Greenland precipitation variability in recent years retrieved by an initialization dynamic method and its relation to atmospheric circulation

Recent airborne laser-altimetry surveys (Krabill et al. 1999; 2000) show ice sheet elevation decreases over the southern coast of Greenland. In order to determine if the climate processes are responsible for these elevation changes, it is necessary to investigate the Greenland precipitation variations and their relation to the circulation. Precipitation variations over Greenland from 1985-99 have been retrieved by a generalized omega-equation method (Chen et al. 1997; Bromwich et al. 2000a,b). There is a high degree of correspondence in the interannual variations between the measured net water equivalent accumulation from ice cores and retrieved precipitation, and the results are better than those of P from the ECMWF Reanalysis (ERA-15). It is inferred that the modeled precipitation changes are responsible for most of the measured ice sheet elevation changes. However, the mesoscale spatial distribution of precipitation needs further improvement.

The data sets (ECMWF TOGA and ERA-15 from NCAR) used currently are large scale with a 2.5^ox2.5^o resolution. An important problem is to use these large-scale analyzed data with the much higher resolution topography of Greenland to obtain a mesoscale precipitation better than that from the omega-equation method. The initialization not only filters the fast gravity waves but also includes the interactions and feedbacks between the large-scale initial conditions and mesoscale topography in the iterative processes, which can produce some mesoscale features of the wind, divergence, moisture and thermal fields. Recently, an application of the equivalent geopotential and geo-streamfunction to the initialization for limited-area models has been developed for use over the steep slopes of mountains and ice sheets. This newly developed initialization has been used to retrieve the precipitation over Greenland. The local precipitation maximum located near (70^oN, 47^oW) is better simulated by this method, and the overall mesoscale spatial distribution of precipitation is greatly improved.

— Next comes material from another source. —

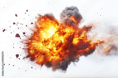 A massive explosion of orange and black smoke fills the air, with debris scattered everywhere
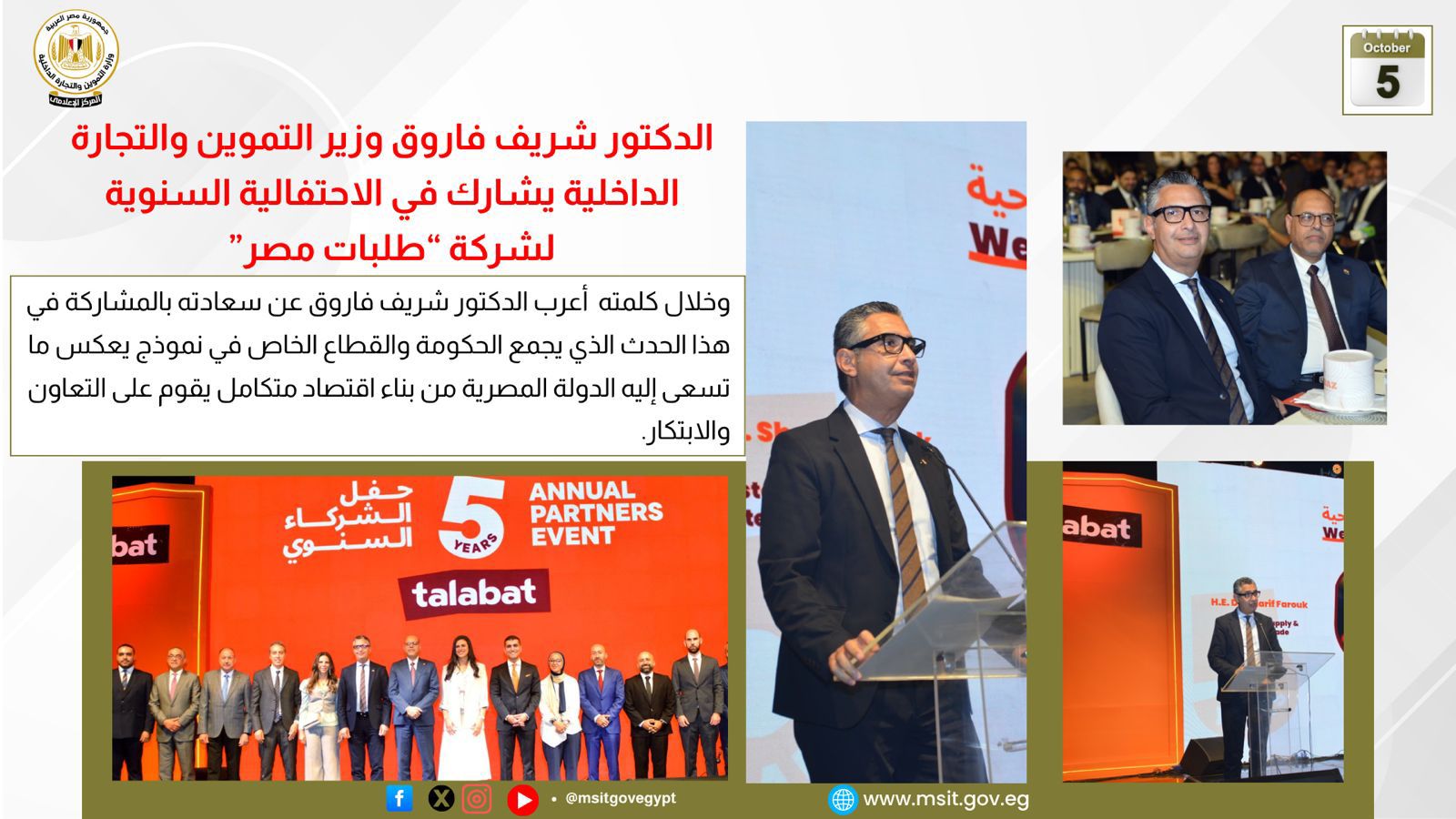 كما شارك وزير التموين والتجارة الداخلية في الاحتفالية السنوية لشركة “طلبات مصر”، بحضور قيادات الشركة وعدد من الشخصيات العامة، مؤكدًا أهمية الشراكة بين الدولة والقطاع الخاص في دعم منظومة الخدمات اللوجستية والغذائية وتعزيز الاقتصاد الوطني

The interannual variations of the retrieved precipitation are in agreement with the measured ice sheet elevation decreases over most of Greenland. Thus, the Greenland ice sheet elevation change is primarily caused by the change of precipitation.

It is found that there are many more cyclones in 1985-1988 than in 1996-1999 over the Labrador Sea, which favors more precipitation over Greenland and its southern part. In the multi-year mean sea-level pressure field for winters of 1985-1988, a mean cyclone is located in the Labrador Sea, while in winters of 1996-1999 it is located to southeast of Greenland. In the multi-year mean 500-hPa circulation of 1985-1988, a mean ridge is located over the west coast of North America and a mean trough is over Newfoundland along the east coast, which favors the development of cyclones over the Labrador Sea. By contrast, in 1996-1999 there are a mean trough over the west coast and a mean ridge over the Labrador Sea. The variation of precipitation over Greenland is closely related to changes of cyclonic activity and circulation in recent years. Thus, the Greenland ice sheet elevation changes are a result of variation of Northern Hemisphere circulation, and they can only be explained from the large scale climate variability.